# Violent vomiting and muscle ache/shivers after bike ride.



## Skippy (2 Feb 2016)

Hi there, long time lurker here and finally decided to sign up to this great forum. I've recently got myself a road bike after not cycling for roughly ten years. I've been out on it three times so far and really enjoyed it up until my last ride. My latest ride spanned 22 miles and I must admit I think I pushed myself too hard too soon at certain times. Upon finishing my ride, I made myself a protein shake with milk and then about an hour later went to bed for the night. I then awoke roughly an hour later needing to rush to the toilet to be sick. The remainder of the night was spent with me waking and being violently sick.

The following morning I no longer felt sick but my whole body especially my back was constantly shivering. I didn't feel back to my usual self until two days later! Is this a symptom of me over working my body or is it more likely to have been a virus/food poisoning? It has kind of scared me to be honest as for the past year I've been having liver/back pain which has been investigated but nothing found. 

Another issue I have is with my lower back, I tend to get lower back pain on my left side when cycling uphill. It comes on midway through a ride and remains for the rest of the ride. Any ideas as to what may be causing this and what I could do to eliminate it?
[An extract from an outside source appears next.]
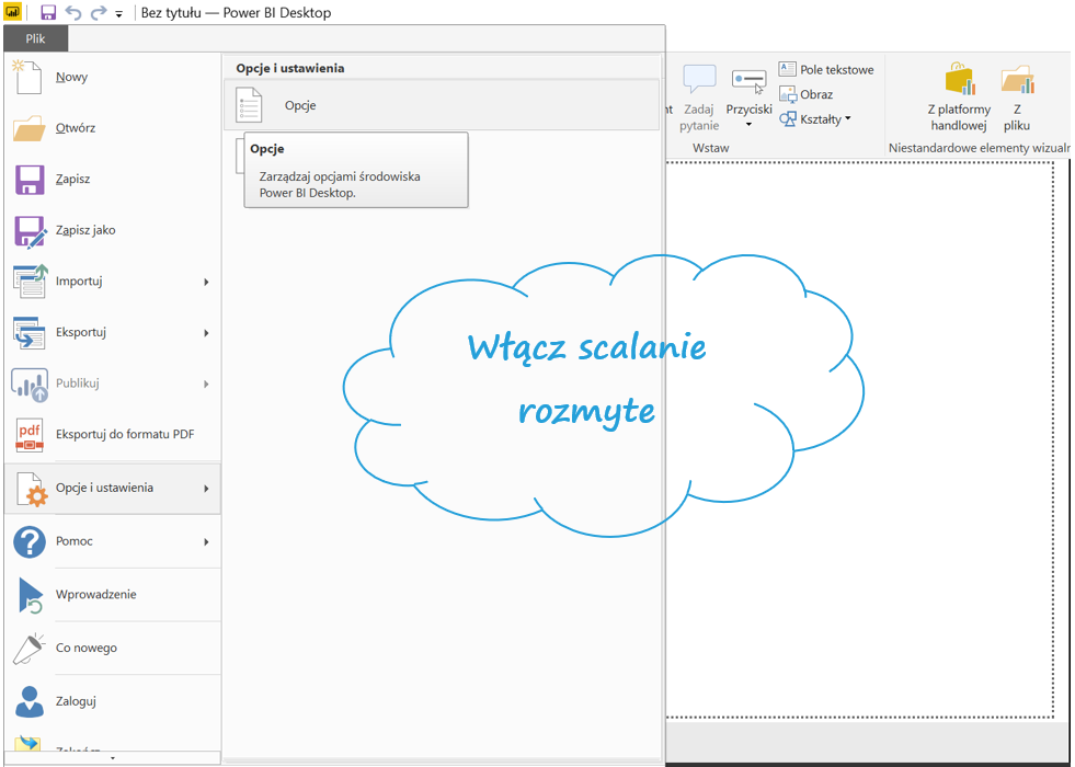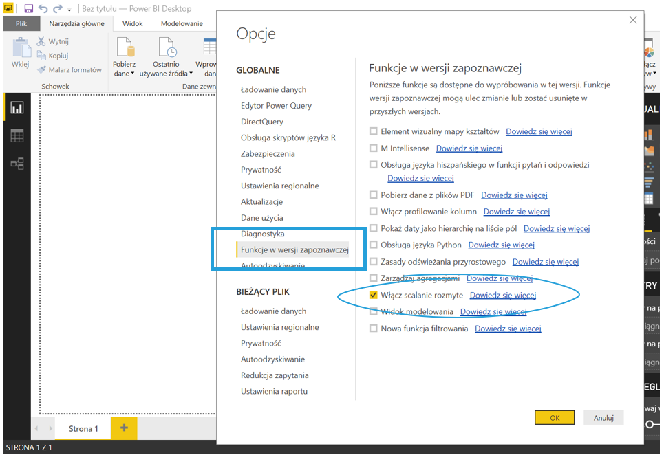Otwórz Power BI Desktop > Plik > Opcje i ustawienia > Opcje > Funkcje w wersji zapoznawczej > Włącz scalanie rozmyte.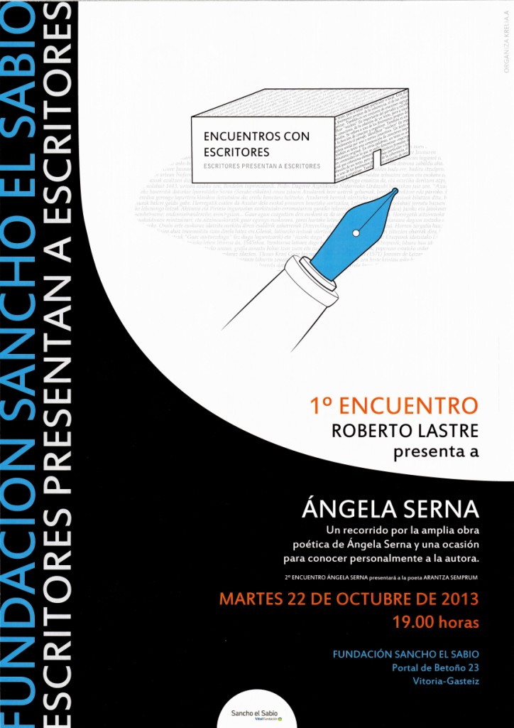 Título: Escritores presentan a escritores [Material gráfico] : encuentros con escritores : 1o encuentro Roberto Lastre presenta a Ángela Serna... martes 22 de octubre de 2013, 19.00 horas, Fundación Sancho el Sabio, Portal de Betoño 23, Vitoria-Gasteiz / [diseño de Mikel Escalera] ; [organiza] Fundación Sancho el Sabio

Thanks for taking the time read this and any input is much appreciated.


----------



## screenman (2 Feb 2016)

I doubt it has anything to do with it, but I would not be using a protein shake after such a short ride. Is there something wrong with your normal diet that you need these drinks?


----------



## Markymark (2 Feb 2016)

Sounds like a bug to me.


----------



## Fab Foodie (2 Feb 2016)

That's no fun!
You could have similar from over-exertion/ catching a chill, but usually it's short lived. I've thrown up after time trials. It's also possible you had a virus, it's hard to tell.
Firstly, take it easy, warm up on the bike gently, low gears spinning along for 15 mins, same at the end of the ride. Don't over exert or get to sweaty until you have more fitness/miles under you belt.
Also, even for hard 22 miles all you need is a pint of milk and some nesquick, not fancy protein shakes.
Make sure you have eaten before the ride and keep hydrated. Squash or diluted fruit juice is fine on the bike.


----------



## Fab Foodie (2 Feb 2016)

Oh, with the back pain I get something similar (muscular), I tend to push big gears especially up hills (old bad habits die hard) and I sit far back on the bike and quite stretched, so I put it down to overexertion. It u comfortable but I can generally keep going.
Again look at the gears you are using and also your position on the bike.


----------



## Levo-Lon (2 Feb 2016)

Tummy bug..just a coincidence..
if you upchuck while cycling you have pushed too hard Or eaten something greasy that just needs to be chucked out..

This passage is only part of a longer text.